#### WHAT IS EXPECTED
Pictures aside, return all of the records exactly as they stand.

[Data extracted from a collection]
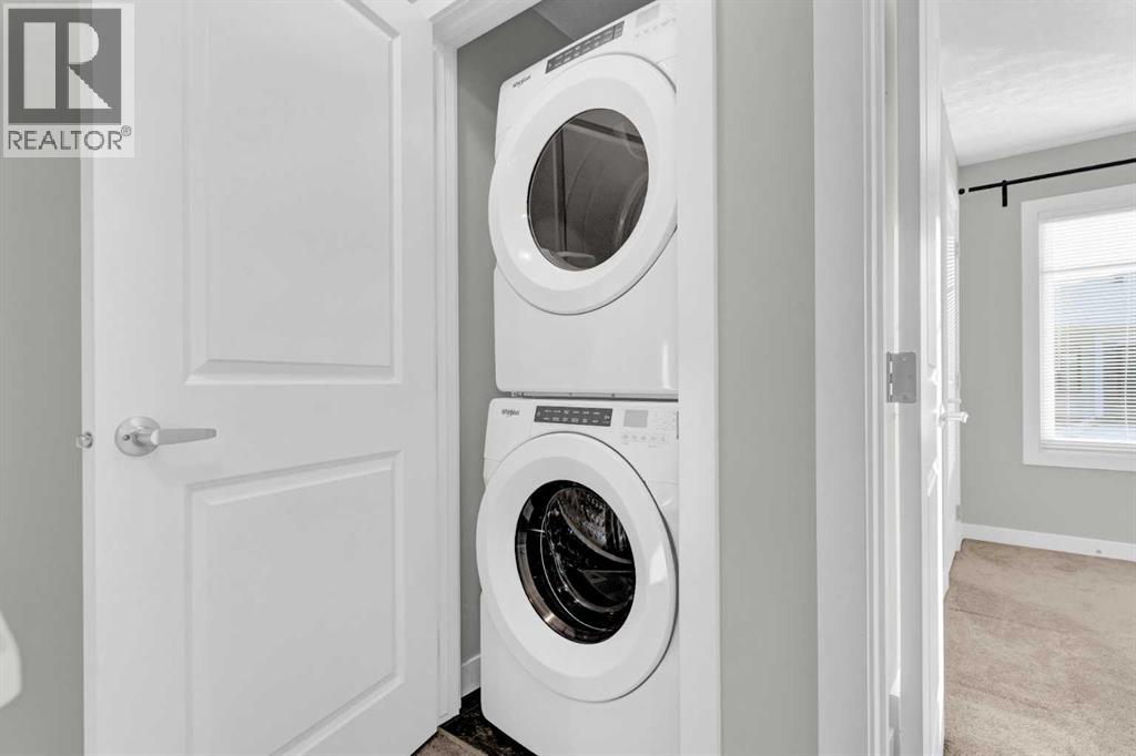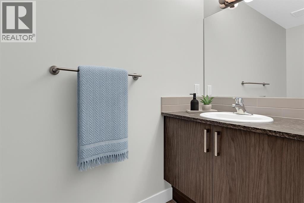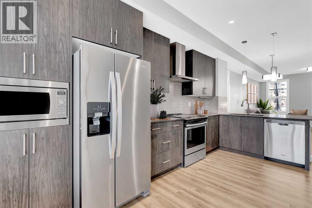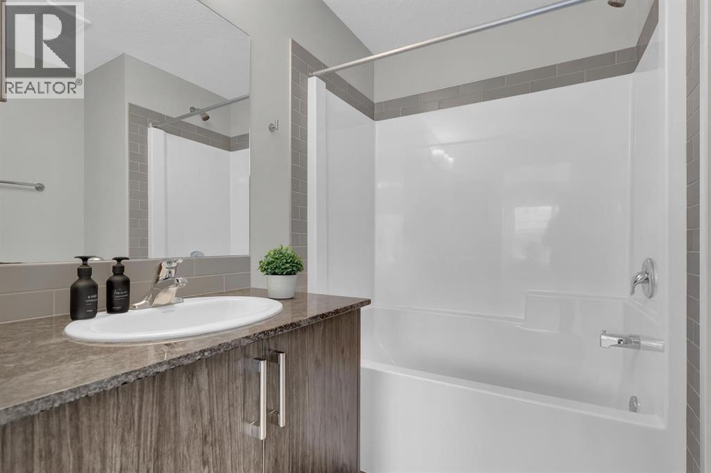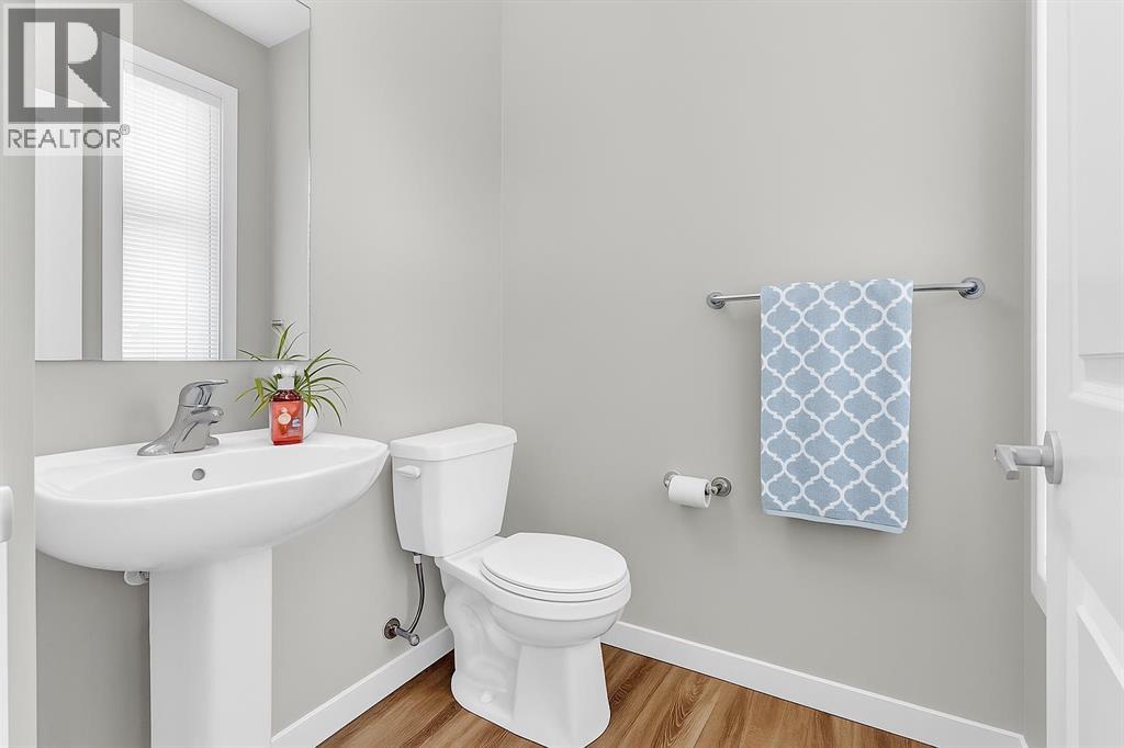 END UNIT townhome with 3 BEDROOMS | 2.5 BATHS | DOUBLE ATTACHED TANDEM GARAGE | CENTRAL A/C | TONS OF HIGH END BUILDER UPGRADES | beautifully built by Trico Homes in Calgary’s urban district SETON! Combining functionality with modern luxury, be impressed the moment you set foot the open concept main floor with natural light illuminating through the many oversized windows at every turn, you can only find in an end unit. This flows perfectly into the exquisite kitchen boasting full height cabinets, stainless steel appliances with built-in microwave, quartz countertop and flush eating bar. It seamlessly blends into the cozy dining area and spacious a living room that leads to a balcony ready for BBQs. Main floor also features 9 ft ceiling height, knockdown texture, vinyl flooring that is durable and easy to clean. A half bathroom completes this level. The upper floor offers 3 generously sized bedrooms with the master suite featuring a large walk-in closet and full ensuite. Convenient laundry is also located on the upper floor. Parking will never be a problem, thanks to the double attached tandem garage that is perfect for keeping your car warm with lots of space for storage and a utility room. This unit also has plenty of street parking and close distance to visitors parking. Maintenance-free living in a well managed complex with low condo fee. This property is strategically located within walking distance to YMCA , The South Health Campus hospital, public library, JCS High School, Cineplex Cinema, banks, grocery stores, restaurants, bars, and a huge green space! Book your showing today and don’t miss out on the opportunity to own this beautifully upgraded end unit townhome! Some photos have been virtually staged to help visualize the space ** 3D VIRTUAL TOUR AVAILABLE** (id:51913)
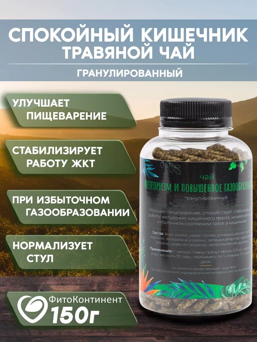 Сбор при метеоризме и газообразовании Спокойный кишечник помогает восстановить здоровье.Травяной сбор от газов действует не только на кишечник, но и на все органы пищеварительной системы, восстанавливая работу желудочно-кишечного тракта:улучшает отделение желчи и пищеварительных ферментов;борется с дисбактериозом;лечит воспалительные процессы, восстанавливает слизистую оболочку;нормализует стул;устраняет спазмы и боли, облегчает отхождение газов;регулирует работу нервной системы, хорошо помогает при синдроме раздраженного кишечника.В сборе При метеоризме и газообразовании лекарственные растения подобраны так, чтобы не только устранять вздутие живота, но и лечить саму причину этой проблемы.
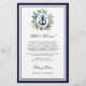 Rustikales Hochzeitsdesign am Strand, das nautische Elemente (Marinebanker, Knoten, Seestern) mit einem einzigartigen und originellen Aquarellkranz eukalyptus-Blätter und Grünpflanzen kombiniert. Die Monogramme von Bride und Groom. Navy-Schrift. Ideal für Hochzeiten am Strand, Hochzeiten im Wassersport, Hochzeit in Urlaubsort, Hochzeiten im Sommer, Hochzeiten im rustikalen Stil.
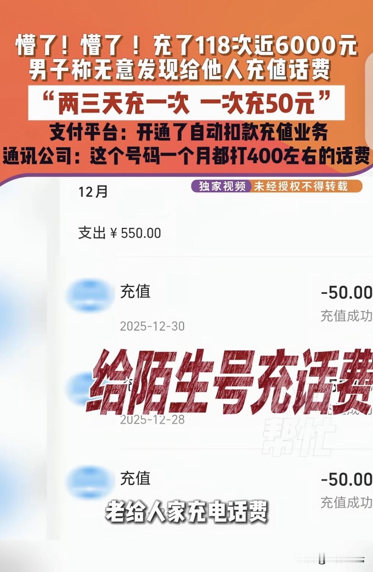 “懵圈了!”河南郑州,一男子惊讶发现,他竟然每3天给一个手机号码充50元话费,一
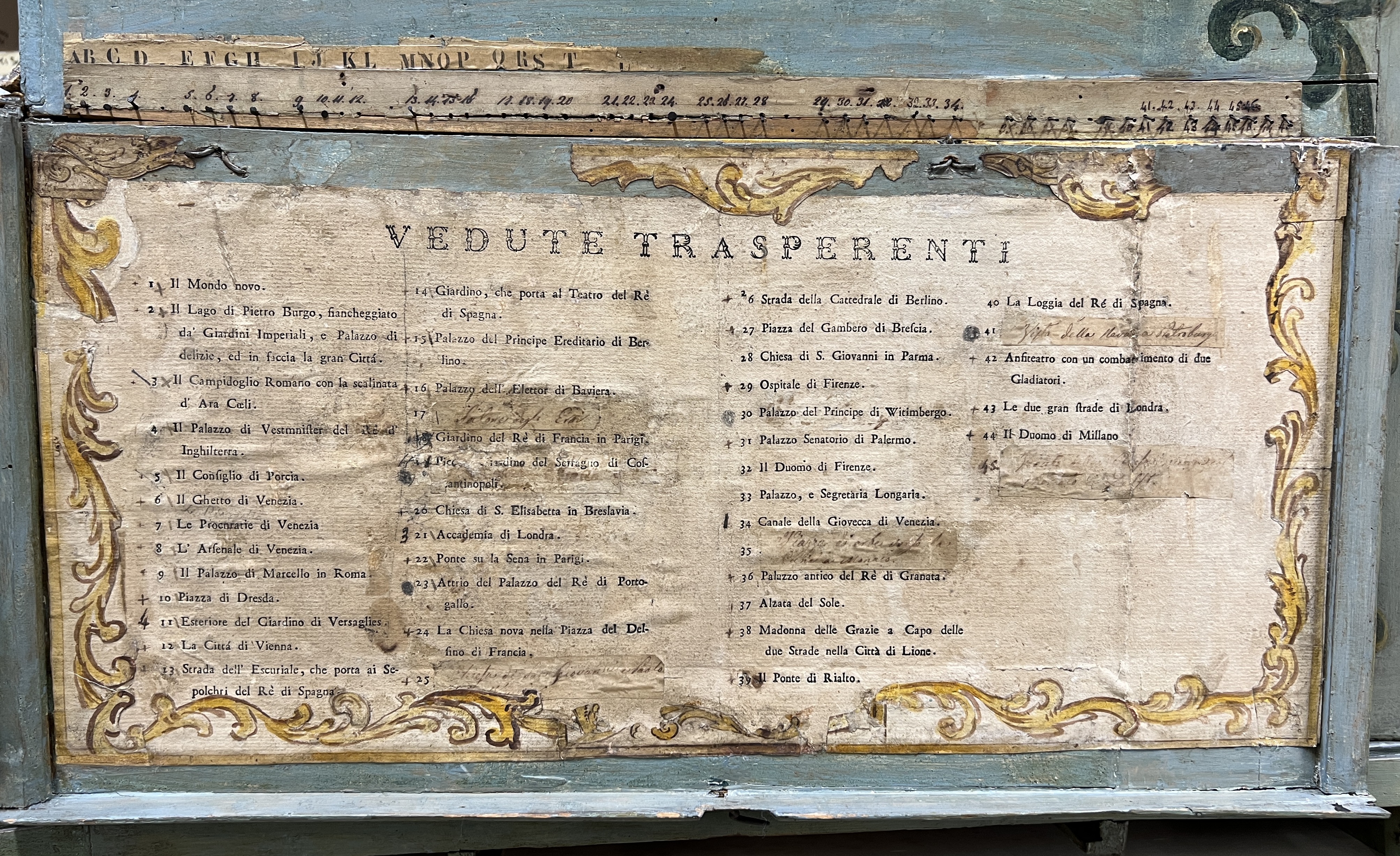 Here is the list of vues d'optique. It would be interesting to see the first one "Il Mondo Novo" to better understand the images that this term invoked in 18th century Italy.

#### YOUR RESPONSE
 END UNIT townhome with 3 BEDROOMS | 2.5 BATHS | DOUBLE ATTACHED TANDEM GARAGE | CENTRAL A/C | TONS OF HIGH END BUILDER UPGRADES | beautifully built by Trico Homes in Calgary’s urban district SETON! Combining functionality with modern luxury, be impressed the moment you set foot the open concept main floor with natural light illuminating through the many oversized windows at every turn, you can only find in an end unit. This flows perfectly into the exquisite kitchen boasting full height cabinets, stainless steel appliances with built-in microwave, quartz countertop and flush eating bar. It seamlessly blends into the cozy dining area and spacious a living room that leads to a balcony ready for BBQs. Main floor also features 9 ft ceiling height, knockdown texture, vinyl flooring that is durable and easy to clean. A half bathroom completes this level. The upper floor offers 3 generously sized bedrooms with the master suite featuring a large walk-in closet and full ensuite. Convenient laundry is also located on the upper floor. Parking will never be a problem, thanks to the double attached tandem garage that is perfect for keeping your car warm with lots of space for storage and a utility room. This unit also has plenty of street parking and close distance to visitors parking. Maintenance-free living in a well managed complex with low condo fee. This property is strategically located within walking distance to YMCA , The South Health Campus hospital, public library, JCS High School, Cineplex Cinema, banks, grocery stores, restaurants, bars, and a huge green space! Book your showing today and don’t miss out on the opportunity to own this beautifully upgraded end unit townhome! Some photos have been virtually staged to help visualize the space ** 3D VIRTUAL TOUR AVAILABLE** (id:51913)
 Сбор при метеоризме и газообразовании Спокойный кишечник помогает восстановить здоровье.Травяной сбор от газов действует не только на кишечник, но и на все органы пищеварительной системы, восстанавливая работу желудочно-кишечного тракта:улучшает отделение желчи и пищеварительных ферментов;борется с дисбактериозом;лечит воспалительные процессы, восстанавливает слизистую оболочку;нормализует стул;устраняет спазмы и боли, облегчает отхождение газов;регулирует работу нервной системы, хорошо помогает при синдроме раздраженного кишечника.В сборе При метеоризме и газообразовании лекарственные растения подобраны так, чтобы не только устранять вздутие живота, но и лечить саму причину этой проблемы.
 Rustikales Hochzeitsdesign am Strand, das nautische Elemente (Marinebanker, Knoten, Seestern) mit einem einzigartigen und originellen Aquarellkranz eukalyptus-Blätter und Grünpflanzen kombiniert. Die Monogramme von Bride und Groom. Navy-Schrift. Ideal für Hochzeiten am Strand, Hochzeiten im Wassersport, Hochzeit in Urlaubsort, Hochzeiten im Sommer, Hochzeiten im rustikalen Stil.
 “懵圈了!”河南郑州,一男子惊讶发现,他竟然每3天给一个手机号码充50元话费,一
 Here is the list of vues d'optique. It would be interesting to see the first one "Il Mondo Novo" to better understand the images that this term invoked in 18th century Italy.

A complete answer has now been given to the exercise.